VE.Jk.CBS.HT.RegCo.Hajek: The Campbell-Berger-Skinner unequal probability jackknife variance estimator for the estimator of the regression coefficient using the Hajek point estimator (Horvitz-Thompson form)

The function returns a value for the estimated variance.
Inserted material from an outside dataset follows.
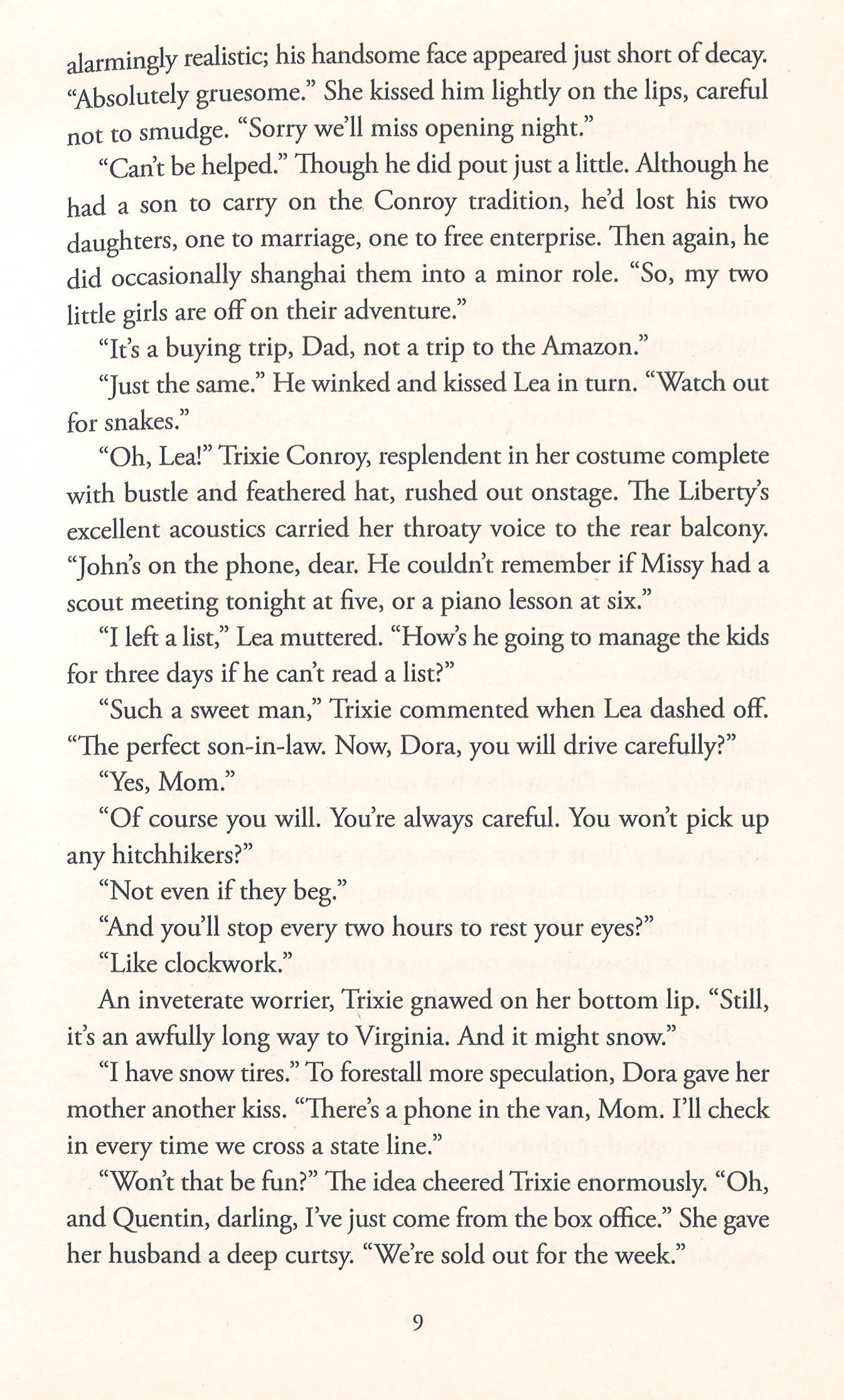 Creative and spontaneous, antiques dealer Dora Conroy has an infectious enthusiasm for life. She also has an eye for quality, and her gorgeous shop in Philadelphia is overflowing with fascinating finds. But when - on impulse - she buys a few curiosities at auction, she gets a lot more than she bargained for. Because Dora doesn't realise she has brought home a priceless cache of treasure: a collection that one ruthless criminal is determined to make his own - whatever the cost . . .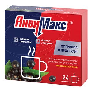 Показания к применениюЭтиотропное лечение гриппа типа А; симптоматическое лечение «простудных» заболеваний, гриппа и ОРВИ, сопровождающихся повышением температуры, болями в мышцах, головной болью, ознобом у взрослых.Применение при беременности и кормлении грудьюПрименение при беременности и в период грудного вскармливания противопоказано.Противопоказания— повышенная чувствительность к одному или нескольким компонентам, входящим в состав препарата; — эрозивно-язвенные поражения ЖКТ в фазе обострения; — желудочно-кишечные кровотечения; — гемофилия; — геморрагический диатез; — гипопротромбинемия; — портальная гипертензия; — авитаминоз К; — почечная недостаточность; — заболевания щитовидной железы; — острые заболевания почек, печени (острый гломерулонефрит, острый пиелонефрит, острый гепатит), либо обострение хронических заболеваний данных органов; — хронический алкоголизм; — гиперкальциемия, выраженная гиперкальциурия; — нефроуролитиаз; — саркоидоз; — одновременный прием сердечных гликозидов (риск возникновения аритмий); — непереносимость лактозы, дефицит лактазы, глюкозо-галактозная мальабсорбция; — фенилкетонурия (для порошка); — беременность; — период грудного вскармливания; — детский и подростковый возраст до 18 лет.Побочное действиеСо стороны нервной системы: повышенная возбудимость, сонливость, тремор, гиперкинезия, головокружение, головная боль, «приливы» крови к лицу.;Со стороны пищеварительной системы: поражение слизистой оболочки желудка и двенадцатиперстной кишки, диспепсия, сухость слизистой оболочки во рту, отсутствие аппетита, метеоризм, диарея.;Со стороны мочевыделительной системы: умеренная поллакиурия.;Со стороны системы кроветворения: изменения показателей крови (необходим контроль).;Со стороны эндокринной системы: угнетение функции инсулярного аппарата поджелудочной железы (гипергликемия, глюкозурия).;Аллергические реакции: кожная сыпь, зуд, крапивница.;Если любые из указанных в инструкции побочных эффектов усугубляются или отмечаются любые другие побочные эффекты, не указанные в инструкции, пациенту следует немедленно сообщить об этом врачу.СоставПарацетамол 360 мг;аскорбиновая кислота 300 мг;кальция глюконата моногидрат 100 мг;римантадина гидрохлорид 50 мг;рутозид (в форме тригидрата) 20 мг;лоратадин 3 мг;Вспомогательные вещества: аспартам — 30 мг, гипромеллоза — 10 мг, кремния диоксид коллоидный — 20 мг, лактозы моногидрат — 4086 мг, ароматизатор (черносмородиновый)- 21 мг.

From Linear Regression Analysis, for an imposed population model $$y=\alpha + \beta x$$ the population regression coefficient \(\beta\), assuming that the population size \(N\) is unknown (see Sarndal et al., 1992, Sec. 5.10), can be estimated by: $$\hat{\beta}_{Hajek} = \frac{\sum_{k\in s} w_k (y_k - \hat{\bar{y}}_{Hajek})(x_k - \hat{\bar{x}}_{Hajek})}{\sum_{k\in s} w_k (x_k - \hat{\bar{x}}_{Hajek})^2}$$ where \(\hat{\bar{y}}_{Hajek}\) and \(\hat{\bar{x}}_{Hajek}\) are the Hajek (1971) point estimators of the population means \(\bar{y} = N^{-1} \sum_{k\in U} y_k\) and \(\bar{x} = N^{-1} \sum_{k\in U} x_k\), respectively, $$\hat{\bar{y}}_{Hajek} = \frac{\sum_{k\in s} w_k y_k}{\sum_{k\in s} w_k}$$ $$\hat{\bar{x}}_{Hajek} = \frac{\sum_{k\in s} w_k x_k}{\sum_{k\in s} w_k}$$ and \(w_k=1/\pi_k\) with \(\pi_k\) denoting the inclusion probability of the \(k\)-th element in the sample \(s\). The variance of \(\hat{\beta}_{Hajek}\) can be estimated by the Campbell(1980); Berger-Skinner(2005) unequal probability jackknife variance estimator (implemented by the current function): $$\hat{V}(\hat{\beta}_{Hajek}) = \sum_{k\in s}\sum_{l\in s} \frac{\pi_{kl}-\pi_k\pi_l}{\pi_{kl}} \varepsilon_k \varepsilon_l$$ where $$\varepsilon_k = \left(1-\tilde{w}_k\right) \left(\hat{\beta}_{Hajek}-\hat{\beta}_{Hajek(k)}\right)$$ with $$\tilde{w}_k = \frac{w_k}{\sum_{l\in s} w_l}$$ and where \(\hat{\beta}_{Hajek(k)}\) has the same functional form as \(\hat{\beta}_{Hajek}\) but omitting the \(k\)-th element from the sample \(s\).